貪狼星君不知震驚了多久,方被劇痛喚醒,才見熐炎已撲上身來,正吞噬着他的靈體。轉眼之間,小半的身體就被熐炎煉化成灰!

“紀若塵!你私囚星君,動用陰火煉魂,已是犯了天條!衆星君不會放過你的,天帝也不會放過你的你!你絕對沒有好下場!”貪狼星絕望地叫着!

紀若塵從容地道:“我犯下的天條也不止一條兩條了,再多上一條,又有什麽大不了?”

看着紀若塵近乎于亘古不變的微笑與從容,貪狼星君終于承受不住,凄厲叫道:“不要再燒了!我不想回到星宮,不想重歸星海啊!不要再燒了,從今以後,我奉你為主!永世不渝,永世不渝!!”

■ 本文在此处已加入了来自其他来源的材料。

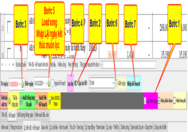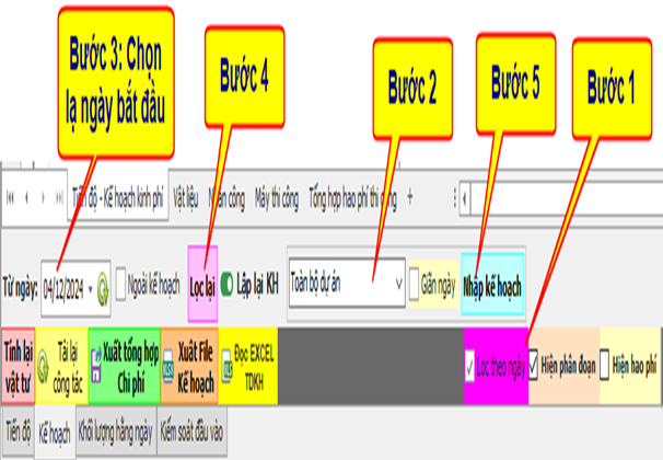 Ở bước này, người dùng chỉ cần chọn ngày bắt đầu muốn hệ thống tự động phân bổ lại khối lượng. Sau đó nhấn nút “Lọc lại” để hệ thống nhận diện phạm vi ngày mới. Tiếp theo, chỉ cần nhấn “Nhập lại kế hoạch”, toàn bộ khối lượng kế hoạch sẽ được hệ thống tự động phân bổ từ ngày lọc cho đến cuối dự án, ngoại trừ những ngày đã có khối lượng thi công thực tế mà người dùng đã nhập trước đó.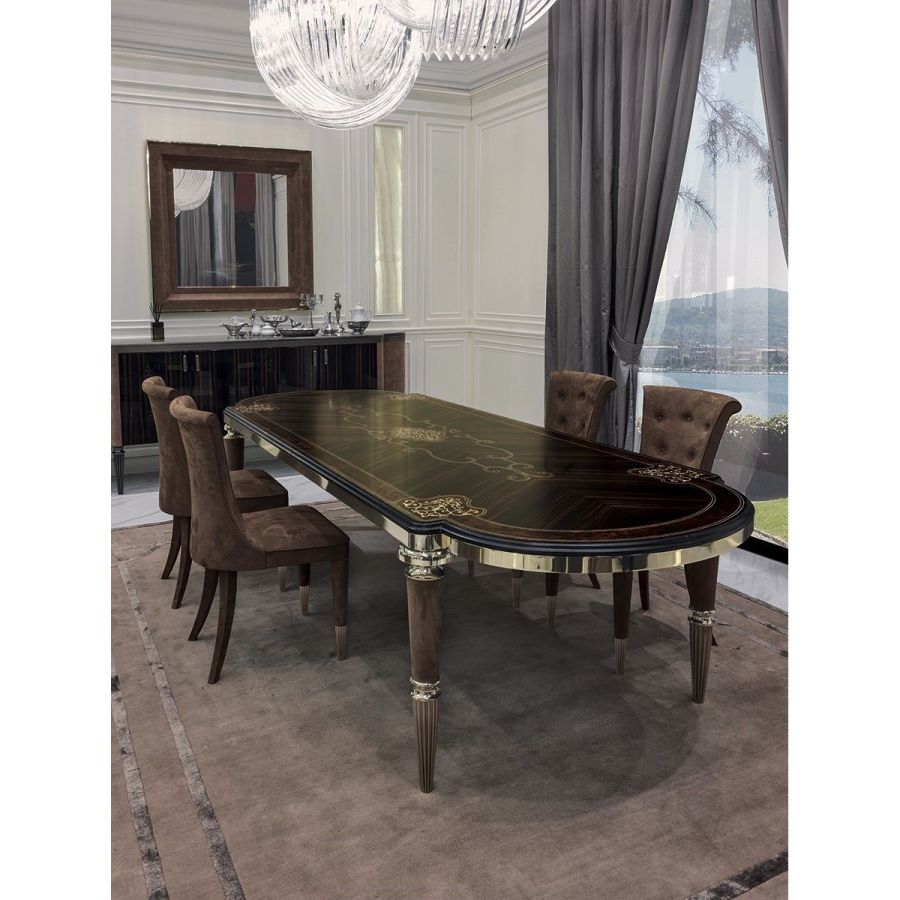 Chair and dining room armchair in a combination of materials with rear legs in wood covered in wood, and front legs comprising a ferrule and parts in grooved turned metal plus an insert in onyx, marble or leather that creates a pleasant contrast between the materials.

紀若塵淡然一笑,直到熐炎快舔上貪狼星君的鼻尖時,才揮手熄了九幽熐炎,收了文王山河鼎。

有相世界又是一番變化。

無盡星河傾瀉而下,在紀若塵面前彙聚成一條諸天星辰鋪成的大道,直通向無盡虛空的盡頭。

紀若塵從容舉步,一步跨越無數星辰,向虛空盡頭行去。看他從容淡定的神态,根本看不出方才已在舉手間毀去了自己的無盡來生,足以羨煞仙凡的塵緣。至于犯了天條,囚禁奴役了有職有司的星君分身,相比之下,不過是微不足道的小事罷了。

數步之間,有相世界已到了盡頭。

紀若塵舉手推開一扇無形的門戶,剎那間幻相萬千,無以計數的仙凡輪回撲面而來,又擦身而過,在無以分辨的細微剎那,就有億億萬的衆生輪回之相自眼前掠過!

再跨越衆生之河後,紀若塵又晉入一個虛空世界。這裏與方才貪狼星君以諸天星力化出的有相世界不同,這裏是完全的虛無世界,不在六界之中,并不依附于哪一個九天諸仙抑或是九幽巨魔而存在。

虛空中浮着一座孤零零的玉臺,約有十裏方圓,上下左右,皆是茫茫虛無。紀若塵此刻就立在玉臺的正中央。

玉臺邊緣,有兩個孤魂在四下張望,全是茫然之色,正是孫果與玉童。他們攀附在紀若塵軀體上,沖入天火劫雲中時,外在軀體早被天火煉化成灰,只有一點魂魄躲在紀若塵庇佑之下,飄飄蕩蕩,渾渾噩噩,好不容易恢複了意識時,便發覺自己身處在這玉臺之上,四下茫茫,不知該向何處去。

他們也不知在玉臺上待了多久,也不見紀若塵蹤影,幾次三番欲下決心從玉臺上跳下,卻又下不得決心。如離了玉臺,或許後果就是永世在虛空中墜落,這可實是比十八層地獄還要遠勝的刑罰。

正在兩人彷徨不定之際,忽有所感,一齊轉過,登時見到了玉臺中央立着的紀若塵。

玉童化為魂魄,仍是一個頭顱的模樣。此際一見紀若塵,登時悲喜交加,不能自已,于是飛撲在紀若塵足前,泣道:“主人!”

孫果雖然一身戾氣,但在玉臺上待得太久,也不禁有些惴惴,見紀若塵現身,方才心中大定,也奔了過來,不過他縱然已奉紀若塵為主,也還自重身份,做不出玉童那等誇張舉動來。

紀若塵見了孫果與玉童,也微笑道:“能在此處重聚,果真是有緣。”

玉童止了悲泣,向紀若塵問道:“大人,這裏是什麽地方?”

紀若塵四顧一番,沉吟道:“此地十分奇特,非有相,也非無相,非死非生,也無過去未來,若一定要形容一番,或許可說,這裏是輪回之間本不存在的一點吧!”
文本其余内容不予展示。